How much does Postmark cost per month? Free for 100 emails/month; $15 (Basic), $16.50 (Pro) or $18 (Platform) per month starting at 10,000 emails, with overages at $1.80, $1.30 and $1.20 per 1,000 respectively (Postmark).
Is Postmark expensive? At volume, yes, by third-party assessment: EmailTooltester calls it “one of the more expensive email delivery services in the market,” at roughly $115/mo for 100,000 emails against Amazon SES’s ~$10 (EmailTooltester). At 10,000 emails it is competitive.
Does Postmark have a free plan? Yes — 100 emails/month, permanent, with no overages permitted (Postmark). It is an integration testbed, not a production tier.
Who owns Postmark? ActiveCampaign. Postmark describes ActiveCampaign as its parent platform and notes the two integrate, letting you send transactional email from marketing automations (EmailTooltester).
Can I get a dedicated IP with Postmark? Yes, from $50/month per IP — but only on Pro plans or higher and only for customers sending 300,000+ emails per month (Postmark).
Do I still need to separate transactional and marketing streams if I use one platform? Yes. Stream separation and vendor separation are different things — Gmail’s recommendation is about sending streams, subdomains and IPs, not about invoices. See the transactional email guide and the email deliverability guide.
Verdict
Postmark is the better product for the job Postmark is built for, and it is refreshingly honest about where that job ends. If your mail is application email, the interesting comparison is not Bluey vs Postmark — it is Postmark vs its own price at volume.
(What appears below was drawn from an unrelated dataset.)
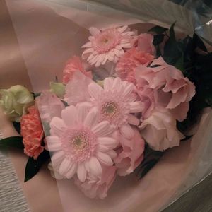 先日、娘が友達の結婚披露宴で頂いてきたお花です。 お花の名前どなたか教えてください🙏 お花の後ろの葉っぱも丸くて可愛いけどこれもなんの葉っぱなのか⁇ 教えて頂き、すべての名前が分かりました ありがとうございました😊

The case for Bluey is narrow and specific: Postmark publishes three things it does not do — list uploads, a visual editor, campaign reporting — and a lot of companies need exactly those three things alongside their password resets. If that is you, one platform beats two. If it is not you, buy Postmark.
References
- Postmark — Pricing: postmarkapp.com/pricing
- Postmark — Message Streams: postmarkapp.com/message-streams
- Inka Wibowo and Robert Brandl, EmailTooltester — SendGrid Alternatives, updated Jun 15, 2026: emailtooltester.com
- Postmark — Transactional vs. marketing email: postmarkapp.com/blog
Pricing verified on Postmark’s official pricing page on 17 July 2026. Bluey’s transactional endpoint behaviour verified first-hand via a live dry-run validation on the same date.